SOURCE INFORMATION:
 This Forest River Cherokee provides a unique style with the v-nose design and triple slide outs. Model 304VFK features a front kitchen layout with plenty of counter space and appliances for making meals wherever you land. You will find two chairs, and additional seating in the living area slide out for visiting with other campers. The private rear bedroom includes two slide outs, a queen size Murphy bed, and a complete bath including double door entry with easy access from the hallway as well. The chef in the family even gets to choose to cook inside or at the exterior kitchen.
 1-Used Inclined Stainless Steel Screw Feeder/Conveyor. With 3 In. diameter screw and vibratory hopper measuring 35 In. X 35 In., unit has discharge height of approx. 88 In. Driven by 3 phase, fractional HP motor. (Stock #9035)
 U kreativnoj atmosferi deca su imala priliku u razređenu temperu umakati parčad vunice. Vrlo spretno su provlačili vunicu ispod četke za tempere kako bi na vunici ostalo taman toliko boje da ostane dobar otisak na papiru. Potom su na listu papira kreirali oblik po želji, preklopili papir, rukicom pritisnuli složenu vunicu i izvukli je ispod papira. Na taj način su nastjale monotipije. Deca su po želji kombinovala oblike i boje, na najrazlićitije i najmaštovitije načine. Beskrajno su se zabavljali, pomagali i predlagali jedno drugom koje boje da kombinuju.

--

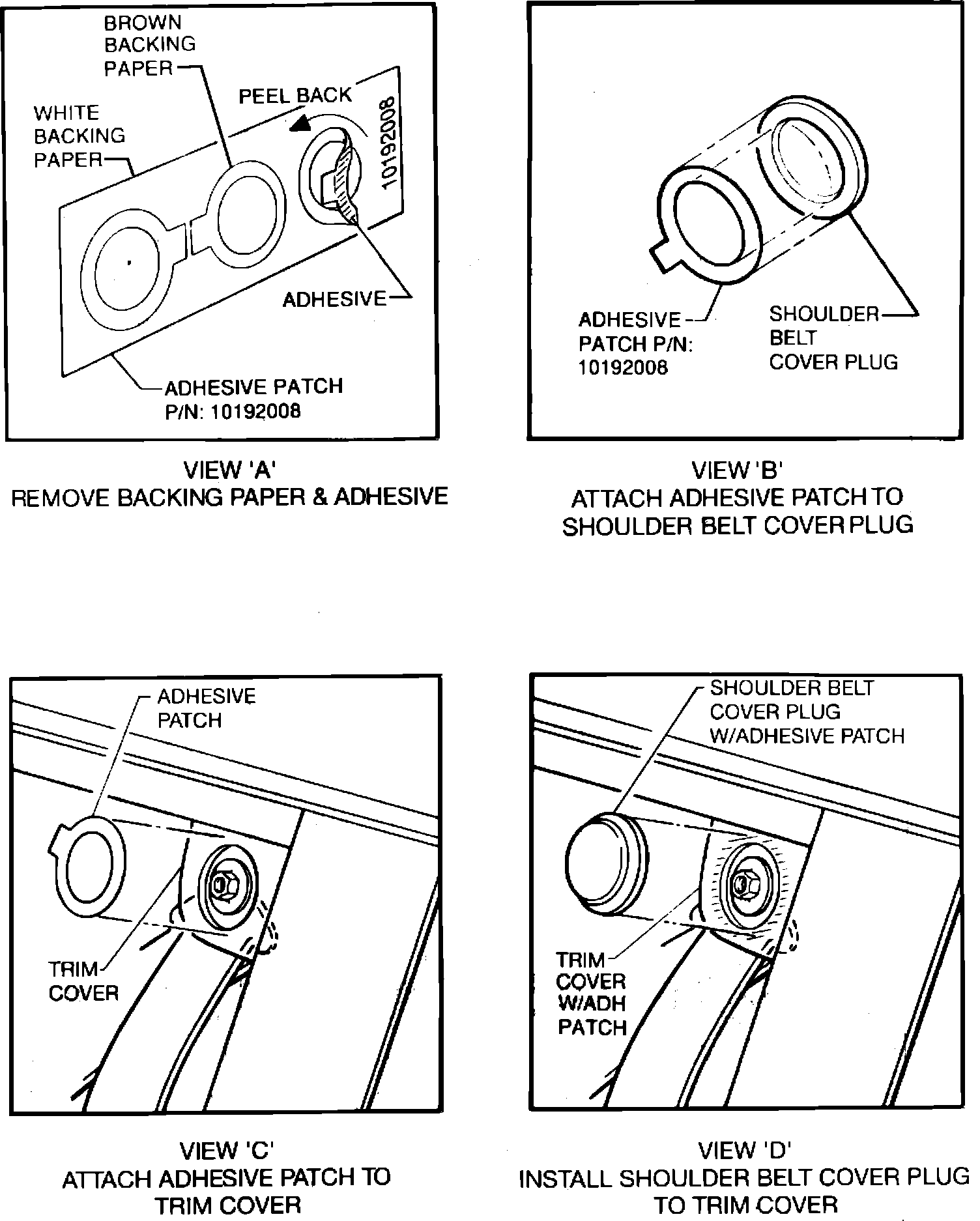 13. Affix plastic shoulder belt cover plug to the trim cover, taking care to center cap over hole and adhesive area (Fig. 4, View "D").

ASSIGNMENT:
Retype the records above, but only those lines that fall between the line containing "This Forest River" and the line containing "1-Used Inclined Stainless", with both of those lines included, exactly as written.

RESULT:
 This Forest River Cherokee provides a unique style with the v-nose design and triple slide outs. Model 304VFK features a front kitchen layout with plenty of counter space and appliances for making meals wherever you land. You will find two chairs, and additional seating in the living area slide out for visiting with other campers. The private rear bedroom includes two slide outs, a queen size Murphy bed, and a complete bath including double door entry with easy access from the hallway as well. The chef in the family even gets to choose to cook inside or at the exterior kitchen.
 1-Used Inclined Stainless Steel Screw Feeder/Conveyor. With 3 In. diameter screw and vibratory hopper measuring 35 In. X 35 In., unit has discharge height of approx. 88 In. Driven by 3 phase, fractional HP motor. (Stock #9035)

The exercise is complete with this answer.